Gnathifera aphronesa

Scientific classification
- Kingdom: Animalia
- Phylum: Arthropoda
- Class: Insecta
- Order: Lepidoptera
- Family: Epermeniidae
- Genus: Gnathifera
- Species: G. aphronesa
- Binomial name: Gnathifera aphronesa (Meyrick, 1897)
- Synonyms: Epermenia aphronesa Meyrick, 1897;

= Gnathifera aphronesa =

- Genus: Gnathifera (moth)
- Species: aphronesa
- Authority: (Meyrick, 1897)
- Synonyms: Epermenia aphronesa Meyrick, 1897

Species of moth

Gnathifera aphronesa is a moth in the family Epermeniidae. It was described by Edward Meyrick in 1897. It is found in Australia, where it has been recorded from Tasmania.

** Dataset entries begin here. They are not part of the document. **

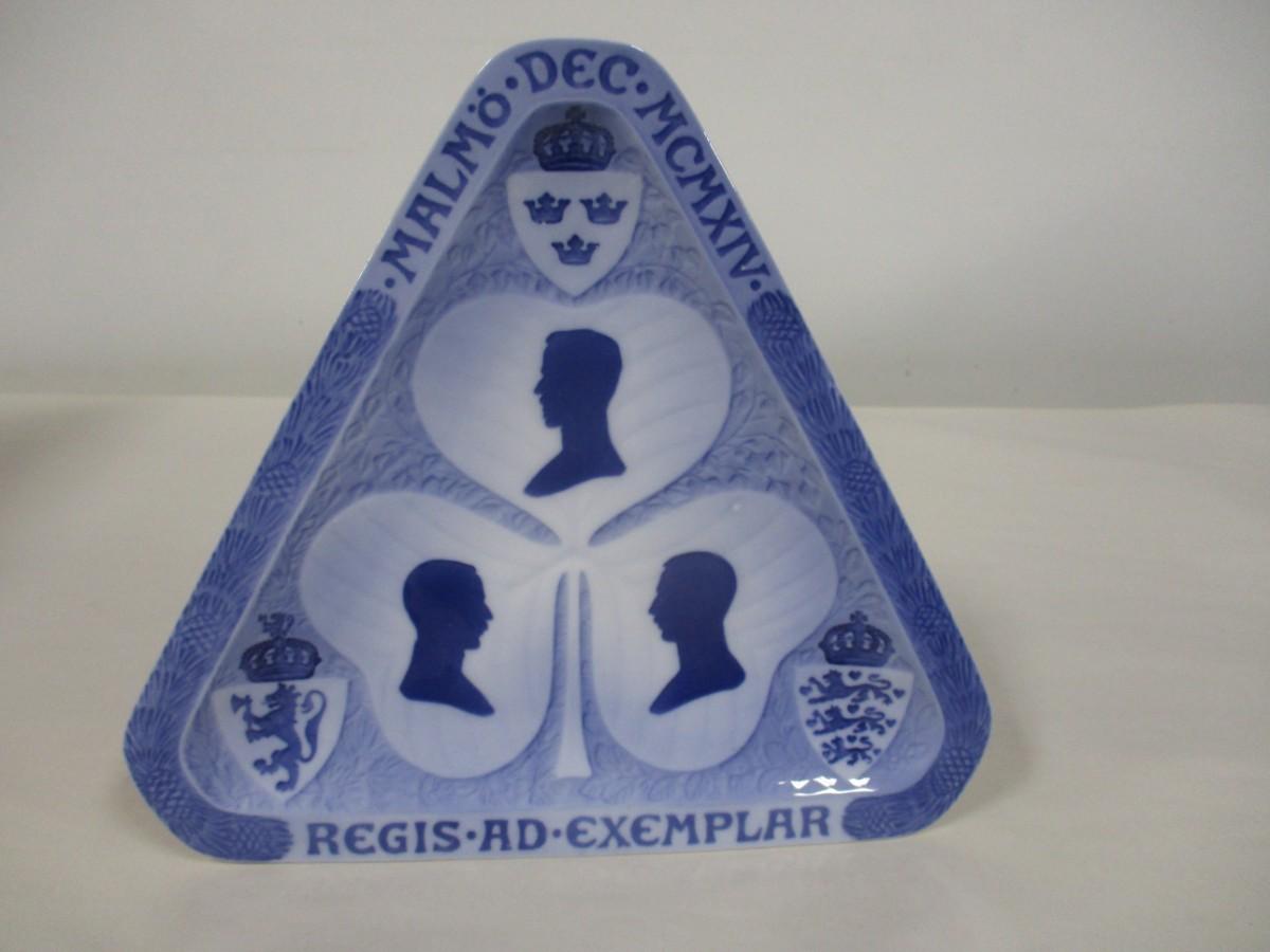 1915 Royal Copenhagen Tri Shaped Plaque "Regis AD Exemplar" 3 Waves/32
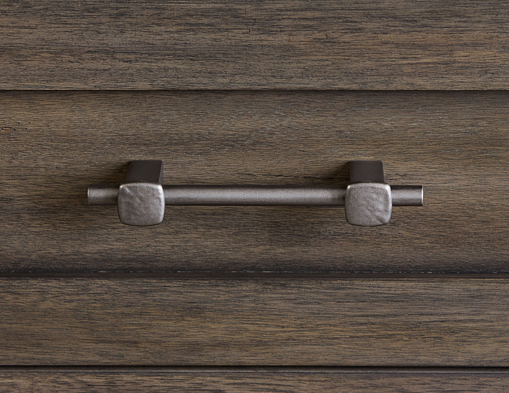 With clean lines and a rustic casual look, Bunkhouse is sure to pop in any room. Crafted with select hardwoods, the six drawer Dresser is a versatile addition to this collection. The drawers are embellished with galvanized finished pulls that stand out against the aged barnwood finish. Pair with the 8830-0100 Vertical Mirror for a unified look. Or slide under the N8830-8330K Mid Loft Bed for extra storage. This dresser embodies the natural feel of this strong, unique collection. Anti-tip hardware is included. CA Carb P2 Compliant.
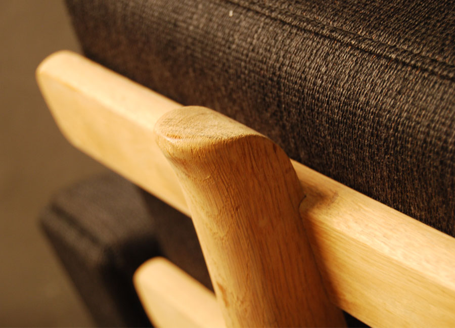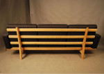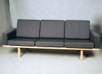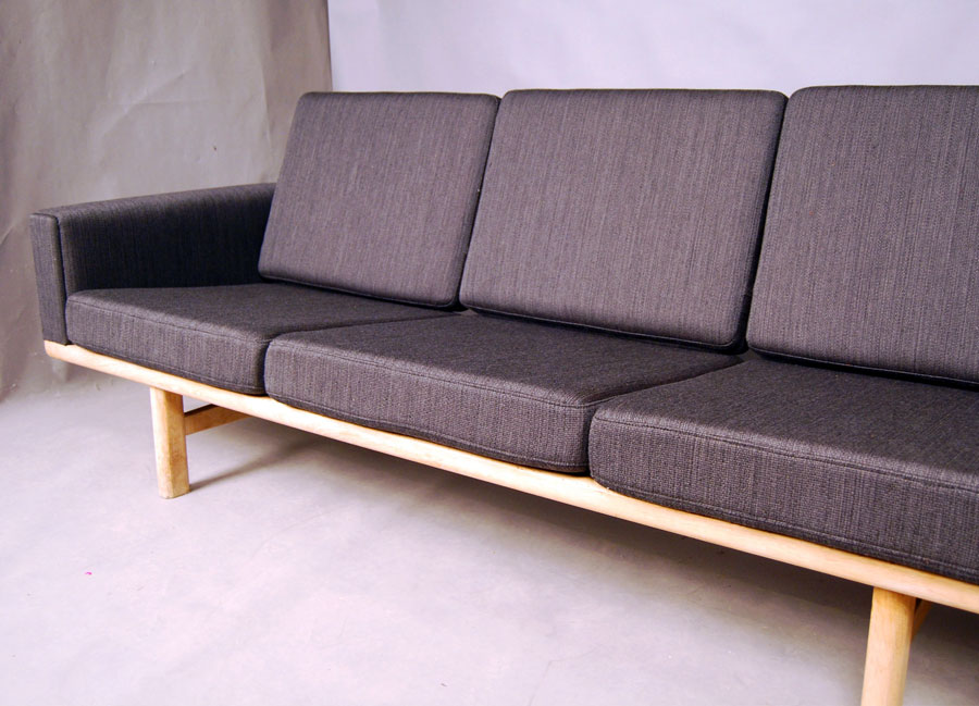 Hans Wegner designed soaped oak three seat sofa, model GE236. Manufactured by Getama, Denmark. This sofa has been fully reupholstered in fabric by Danish Art Weaving.Fabric type - 'Ask' 111. New foam seat and back cushions .

The wingspan is about 14 mm. The forewings are light brown, reddish tinged and sprinkled with whitish and dark fuscous. There is a broad undefined white subcostal streak from beneath the costa near the base to the costa at four-fifths and an oblique irregular blackish bar from the costa at one-fifth, reaching to the fold. There is also a black dot beneath the costa at two-fifths, one in the disc close beyond the bar, one on the fold before the middle followed by a ferruginous spot, one in the disc beyond the middle, one at three-fourths edged with white and one on the costa beyond four-fifths. There are also blackish dorsal scale-teeth before and beyond the middle, as well as a round blackish apical spot, preceded by a white costal spot. The hindwings are pale grey.